As I watched the highlights of the Democratic National Convention, I can’t help but focus on the brand called Barack Obama. This morning, after hearing about McCain’s choice for vice president, I’m wondering about the brand called McCain as well.

Yes, Obama has a brand, McCain has a brand, and so do all of the other assorted candidates along the way. You and I have personal brands, too, though we likely put much less emphasis on understanding and promoting them.

In my Branding Strategies class at San Francisco State, we do an exercise where students are randomly divided up into groups and asked to evaluate the candidates brands: what are their brand promises, what do they stand for, and on a scale of 1 to 10, how well are they doing on delivering on those promises.

This was a much more interesting exercise when we had a full slate of potential candidates, including Hillary Clinton, Rudy Guiliani, Mike Huckabee, Mitt Romney, and others. This year, for the first time, we had a full range of choices when it came to gender, ethnicity, race, religion and marital status.

What’s interesting is that over the last year or so, the class has consistently said that Obama stands for change and hope and doing things differently, and they’ve rated him fairly high on fulfilling his brand promise. They had a hard time, OTOH, getting their hands around what McCain’s brand promise was, besides more of the same.

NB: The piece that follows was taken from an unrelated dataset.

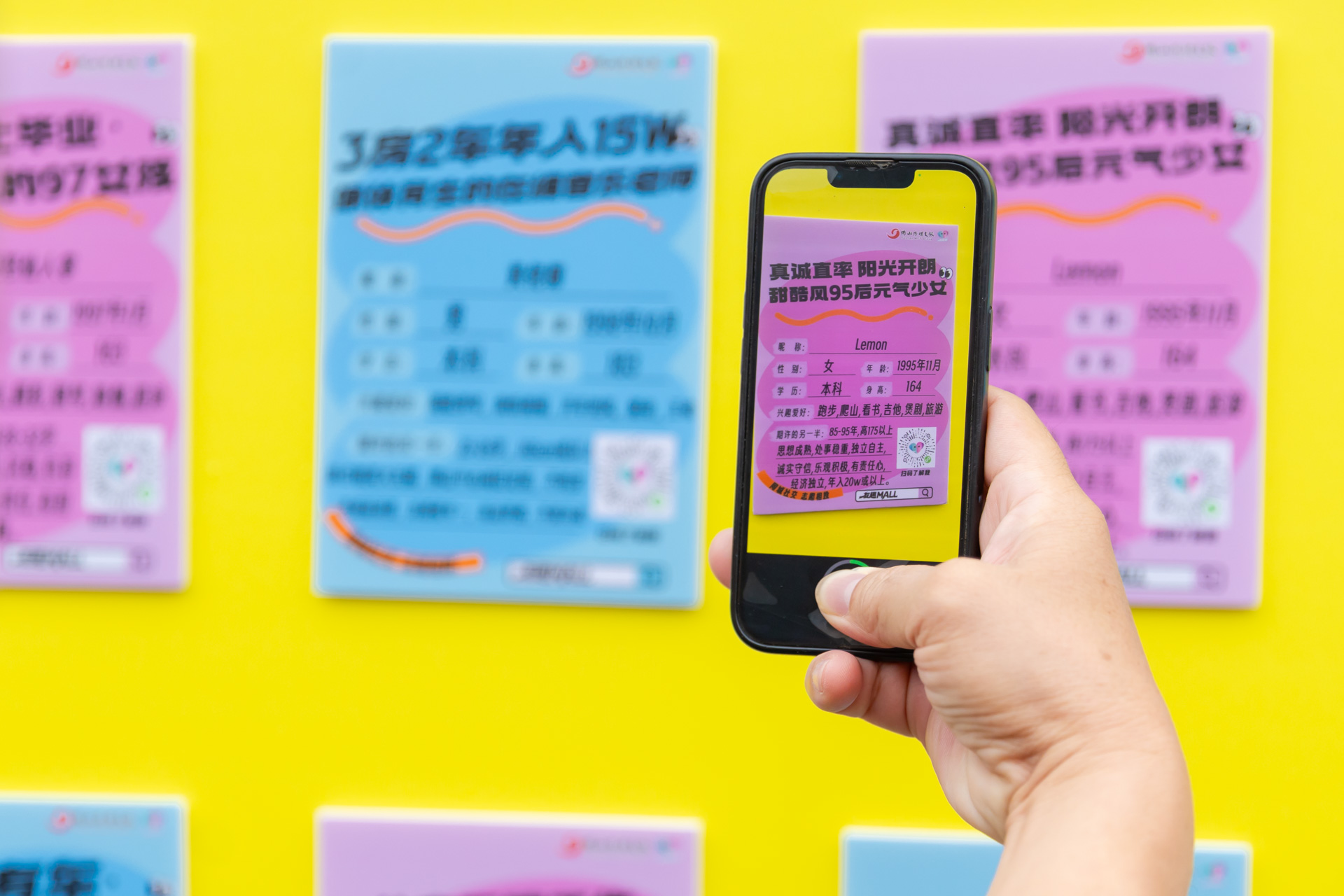 此外,友趣会在徒步终点世纪莲体育中心设立“友趣相亲角”网红打卡点,打造集趣味互动、潮流打卡、情感交流于一体的青年社交新聚场。上百位友趣会单身青年的个性化征友信息卡片闪亮上墙,吸引了众多单身青年驻足咨询、在线征友,现场还设置了趣味互动游戏,实现交友与娱乐两不误。

Brands are always evolving and adding features and benefits to supplement their current offerings. This week, Obama chose Joe Biden, who brings experience and foreign policy expertise to the Obama brand. McCain chose Sarah Palin, who brings youth, inexperience and a non-Washington perspective.

What do these choices mean for the 2 candidates’ brands? It will be interesting to watch how the American public answers this question, but at this point, it looks like Obama has tried to supplement a known weakness in his brand (relative inexperience) by adding Biden. McCain has  addressed the weakness of age, by choosing someone very young and with virtually no experience. He’s addressed diversity by including a woman, but I’m not quite sure yet what the McCain/Palin brand stands for?

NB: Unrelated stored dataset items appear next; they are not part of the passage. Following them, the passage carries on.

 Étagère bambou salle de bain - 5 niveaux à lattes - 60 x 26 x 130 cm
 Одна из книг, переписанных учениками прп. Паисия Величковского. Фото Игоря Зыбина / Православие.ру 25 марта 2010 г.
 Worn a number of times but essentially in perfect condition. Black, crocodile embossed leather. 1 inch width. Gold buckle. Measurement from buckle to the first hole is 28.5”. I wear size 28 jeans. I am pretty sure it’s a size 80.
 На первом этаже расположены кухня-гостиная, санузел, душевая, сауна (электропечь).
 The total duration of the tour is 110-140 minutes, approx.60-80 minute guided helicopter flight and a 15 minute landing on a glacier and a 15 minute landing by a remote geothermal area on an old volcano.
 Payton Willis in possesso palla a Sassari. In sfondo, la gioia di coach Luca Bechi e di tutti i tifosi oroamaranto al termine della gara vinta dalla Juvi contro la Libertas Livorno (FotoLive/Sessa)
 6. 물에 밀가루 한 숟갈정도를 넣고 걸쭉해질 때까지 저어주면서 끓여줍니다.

By choosing Palin, it appears that McCain has done two things he may regret: He may have actually strengthened Obama’s brand by making Barack look much more experienced than Palin, and he may have alienated many of Hillary’s supporters who were on the fence, by choosing a running mate for her youth and gender and asking voters to accept her as an equal substitute for Hillary, who like her or not, brings a wealth of experience, maturity and seasoning to the table compared to Palin.